A simple linear model has an outcome, \(y\), and one predictor, \(x\). It is defined by the following equation.

\[ y_i = \beta_0 + \beta_1x_i + \epsilon_i, \]

where \(i = 1, \ldots, n\). This equation represents the true, theoretical, equation, with slope \(\beta_1\) and intercept \(\beta_0\)

The subscript in this equation, \(i\), indexes the \(n\) observations in the dataset. (Think of \(i\) as a row number.) The equation can be read as follows: the value of \(i^{th}\) outcome variable, \(y_i\), is defined by an intercept, \(\beta_0\), plus a slope, \(\beta_1\), multiplied by the \(i^{th}\) predictor variable, \(x_i\). These elements define the systematic or deterministic portion of the model. However, because the world is uncertain, containing randomness, we know that the model will be wrong (as George Box said). To fully describe the data we need an error term, \(\epsilon_i\), which is also indexed by row. The error term is the stochastic portion of the model. \(\epsilon_i\) measures the distance between the fitted or expected values of the model—calculated from the deterministic portion of the model—and the actual values.

The errors in a linear model—also known as model residuals—are the part of the data that remains unexplained by the deterministic portion of the model. One of the key assumptions of a linear model is that the residuals are normally distributed with mean = 0 and variance = \(\sigma^2\), which we denote as

\[ \epsilon_i\sim N(0,\sigma^2) \]

Loss function

For ordinary least squares regression, we have the following loss function (or error function).
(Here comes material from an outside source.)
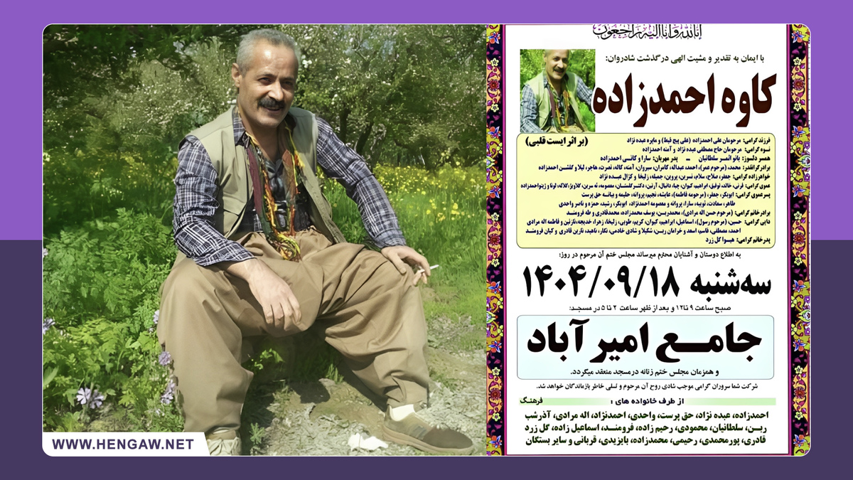 بە پێی ڕاپۆرتی گەیشتوو بە رێکخراوی مافی مرۆڤی هەنگاو، ڕۆژی یەکشەممە ١٦ی سەرماوەزی ٢٧٢٥ (٧ی دیسەمبەری ٢٠٢٥)، کاوە ئەحمەدزادە، هاووڵاتیی تەمەن ٥٤ ساڵ و خەڵکی بۆکان و باوکی یەک منداڵ، بە دوای تووشبوون بە پەتای ئەنفلۆنزا و بێبەشبوون لە دەستپێڕاگەیشتن بە خزمەتگوزاریی دەرمانی پێویست، لە گرتووخانەی ناوەندیی بۆکان گیانی لەدەست دا.

\[ \operatorname{RSS} = \sum_{i=1}^n ((\beta_0 + \beta_1x_i) - y_i)^2 = \sum_{i=1}^n (\hat{y}_i - y_i)^2 \]

where \(\hat{y_i}=\beta_0+\beta_1x\) is the predicted \(y_i\) based on the coefficients \(\beta_0,\beta_1\). This function represents something we want to minimize. The higher the loss, the worse the estimate; the lower the loss, the better the estimate.

Note: since the residuals can be positive or negative, so if we simply add the residuals up we might be canceling out some of them. So instead of minimizing the sum of the residuals, we usually choose to square the residuals and minimize the sum of squares of the residuals. (Mathematically it becomes easier to work with the square than the absolute value).

This is not the only possible loss function, there are other ones! However, for simple linear regression, this is the simplest possible loss function to work with, and it’s also the most commonly used (kind of by default) so we’re using it too here.

When we fit a line of regression through the data, we are trying to find estimates \(\hat{\beta_0}\) and \(\hat{\beta_1}\) such that we minimize the loss function. I.e., our goal is to find

\[ \hat{\beta_0},\hat{\beta_1} = \arg\min_{\beta_0,\beta_1} \sum_{i=1}^n ((\beta_0 + \beta_1x_i) - y_i)^2 \]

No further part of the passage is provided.